David Gorman

Personal information
- Full name: David Brian Gorman
- Born: 13 August 1955 (age 71) Havant, Hampshire, England
- Batting: Right-handed

Domestic team information
- 1981–1988: Berkshire

Career statistics
| Competition | LA |
| Matches | 4 |
| Runs scored | 44 |
| Batting average | 11.00 |
| 100s/50s | –/– |
| Top score | 28 |
| Balls bowled | – |
| Wickets | – |
| Bowling average | – |
| 5 wickets in innings | – |
| 10 wickets in match | – |
| Best bowling | – |
| Catches/stumpings | –/– |
- Source: Cricinfo, 21 September 2010

= David Gorman (cricketer) =

English cricketer

David Brian Gorman (born 13 August 1955) is a former English List A cricketer. A right-handed batsman, he was born at Havant, Hampshire.

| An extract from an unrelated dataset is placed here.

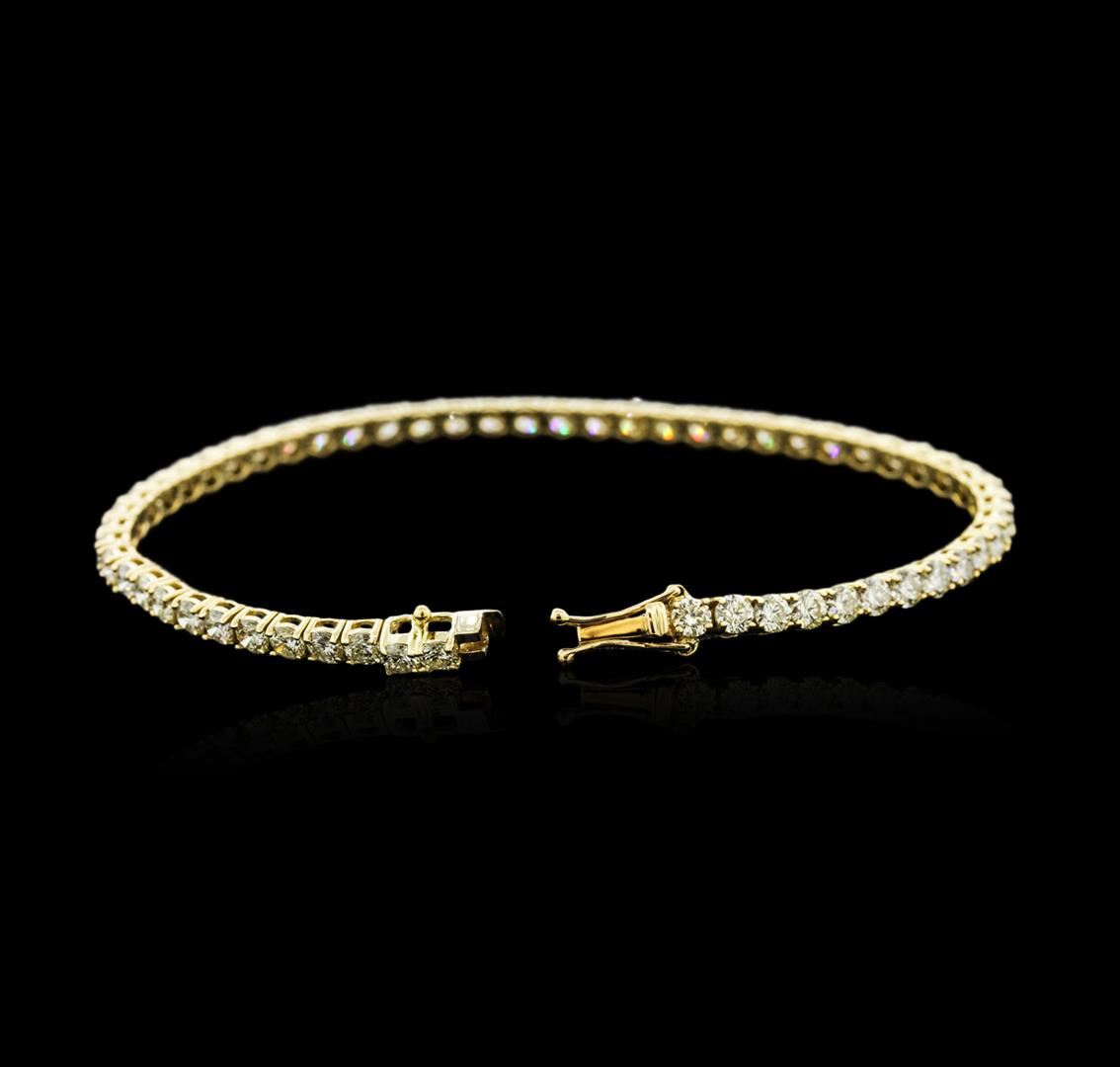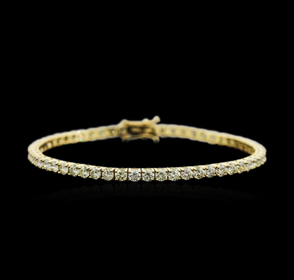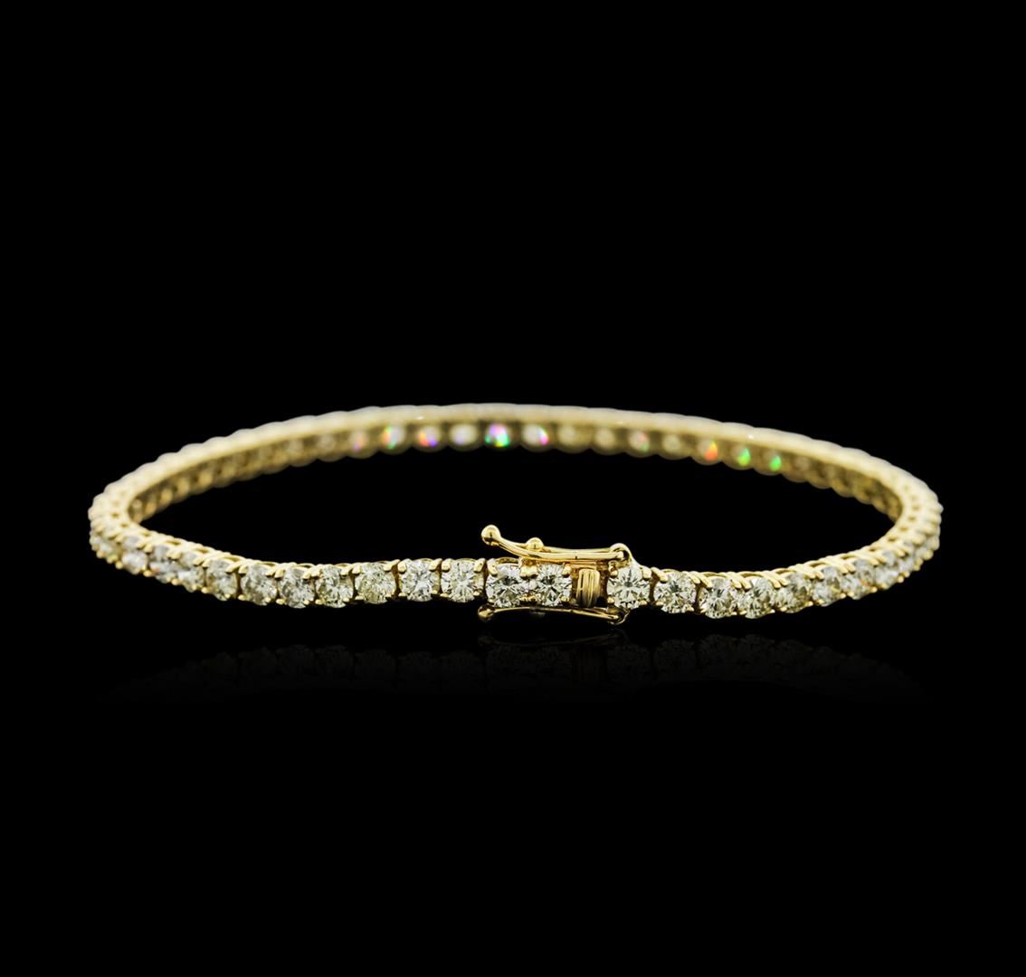 One electronically tested 18KT yellow gold ladies cast diamond tennis bracelet with a hidden box clasp with safety closer with a bright polish finish. Measurements: 7" in length Identified with markings of "750". Condition is new. Containing: Fifty-Seven prong set round brilliant cut diamonds, measuring 3.10 - 3.10 x 1.86mm (depth est.) approximate total weight of 57 Stones = 6.21ct. Clarity: SI-1 to I-1. Color: K - L, Cut is Good. All diamonds are graded in the mounting, unless otherwise stated. Total Weight of Diamonds 6.21ct. Total Weight of Tennis Bracelet 9.40 grams. GGL Appraised at $9,445.00.

Gorman made his Minor Counties Championship debut for Berkshire in 1981 against Buckinghamshire. From 1981 to 1988, he represented the county in 44 Minor Counties Championship matches, the last of which came in the 1996 Championship when Berkshire played Devon. Gorman also played in the MCCA Knockout Trophy for Berkshire. His debut in that competition came in 1984 when Berkshire played Buckinghamshire. From 1984 to 1988, he represented the county in 10 Trophy matches, the last of which came when Berkshire played Oxfordshire in the 1988 MCCA Knockout Trophy. During the 2001 MCCA Knockout Trophy, Gorman played four matches for the combined Channel Islands side, the last of which came against Berkshire. Gorman captained the Channel Islands during these matches.

Additionally, he also played List-A matches for Berkshire. His List-A debut for the county came against Kent in the 1984 NatWest Trophy. From 1984 to 1988, he represented the county in 4 matches, with his final List-A match coming when Berkshire played Yorkshire in the 1988 NatWest Trophy at the Memorial Ground, Finchampstead. In his 4 matches, he scored 44 runs at a batting average of 11.00, with a high score of 28.